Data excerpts
************

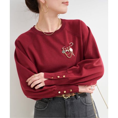 綺麗目な目面が特徴で肌触りも良く、すっきりとしたクルーネックと身体のラインを拾いすぎない程よいサイズのオンオフ着回しやすい一枚です。袖口にはゴールドの飾りボタンをあしらい、シンプルながら華やかさをプラス。複数のチャーム付きの取り外し可能なブローチが付いており、気分やシーンに合わせて表情を変えられます。
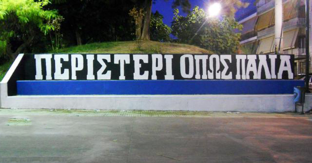 Η αλήθεια είναι ότι υπάρχουν και οι βαμμένοι τοίχοι που προκαλούν εντυπωσιασμό, δίνουν χρώμα στη ζωή μας και προσφέρουν μοναδικές εικόνες. Σε διάφορα σημεία στο Περιστέρι οι δημιουργοί των μοναδικών graffiti και καλλιτεχνιών έχουν δώσει τον καλύτερό τους εαυτό και σίγουρα θα θέλαμε να δημιουργηθούν ακόμα περισσότερες όμορφες εικόνες στην πόλη μας αντιθέτως με τα κακόγουστα συνηθισμένα ονόματα ομάδων.
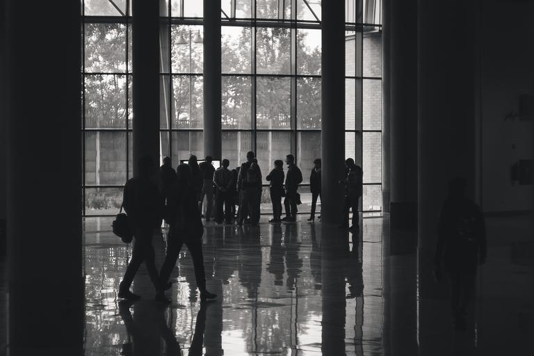 Keywords: people the interior of the hall shadows building office building black and white black white reflection the window silhouettes the crowd poland the pillars of the architecture building glass
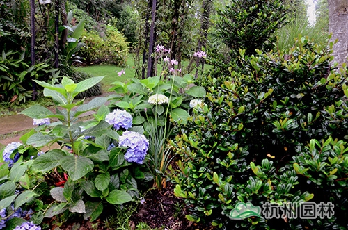 另一个角度的入口景观,槟柃的竖向生长势与紫娇花的竖向线条相呼应,更好的衬托出‘无尽夏’饱满、敦厚的圆锥花序。
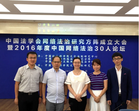 2016年8月28日,中国法学会网络法治研究方阵举行成立大会暨2016年度中国网络法治30人论坛。西安交大信息安全法律研究中心成功入选中国法学会“网络法治研究方阵”理事单位,成为全国五家理事单位之一。校社科处处长贾毅华、学院丁卫副院长受邀参加成立大会并致辞,信息安全法律研究中心副主任王玥副教授带领研究团队成员博士生马宁、党家玉参加论坛。开幕式由中国社科院文化法制研究中心主任、中国法学会互联网与信息法学会副会长周汉华主持。中国法学会研究部主任李仕春、中国法学会副会长李林、中国信息通信研究院政策与经济研究所所长鲁春丛、中南大学B体育(中国)院长陈云良、B体育平台社科处处长贾毅华、华东政法大学刑事司B体育(中国)副院长王永全分别作为方阵理事单位代表致辞。
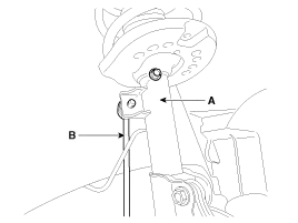 Remove the brake hose (A) & wheel speed sensor bracket (B) from the front strut assembly by loosening mounting bolts.

************

Could every record be given again exactly, with its pictures left out?

 綺麗目な目面が特徴で肌触りも良く、すっきりとしたクルーネックと身体のラインを拾いすぎない程よいサイズのオンオフ着回しやすい一枚です。袖口にはゴールドの飾りボタンをあしらい、シンプルながら華やかさをプラス。複数のチャーム付きの取り外し可能なブローチが付いており、気分やシーンに合わせて表情を変えられます。
 Η αλήθεια είναι ότι υπάρχουν και οι βαμμένοι τοίχοι που προκαλούν εντυπωσιασμό, δίνουν χρώμα στη ζωή μας και προσφέρουν μοναδικές εικόνες. Σε διάφορα σημεία στο Περιστέρι οι δημιουργοί των μοναδικών graffiti και καλλιτεχνιών έχουν δώσει τον καλύτερό τους εαυτό και σίγουρα θα θέλαμε να δημιουργηθούν ακόμα περισσότερες όμορφες εικόνες στην πόλη μας αντιθέτως με τα κακόγουστα συνηθισμένα ονόματα ομάδων.
 Keywords: people the interior of the hall shadows building office building black and white black white reflection the window silhouettes the crowd poland the pillars of the architecture building glass
 另一个角度的入口景观,槟柃的竖向生长势与紫娇花的竖向线条相呼应,更好的衬托出‘无尽夏’饱满、敦厚的圆锥花序。
 2016年8月28日,中国法学会网络法治研究方阵举行成立大会暨2016年度中国网络法治30人论坛。西安交大信息安全法律研究中心成功入选中国法学会“网络法治研究方阵”理事单位,成为全国五家理事单位之一。校社科处处长贾毅华、学院丁卫副院长受邀参加成立大会并致辞,信息安全法律研究中心副主任王玥副教授带领研究团队成员博士生马宁、党家玉参加论坛。开幕式由中国社科院文化法制研究中心主任、中国法学会互联网与信息法学会副会长周汉华主持。中国法学会研究部主任李仕春、中国法学会副会长李林、中国信息通信研究院政策与经济研究所所长鲁春丛、中南大学B体育(中国)院长陈云良、B体育平台社科处处长贾毅华、华东政法大学刑事司B体育(中国)副院长王永全分别作为方阵理事单位代表致辞。
 Remove the brake hose (A) & wheel speed sensor bracket (B) from the front strut assembly by loosening mounting bolts.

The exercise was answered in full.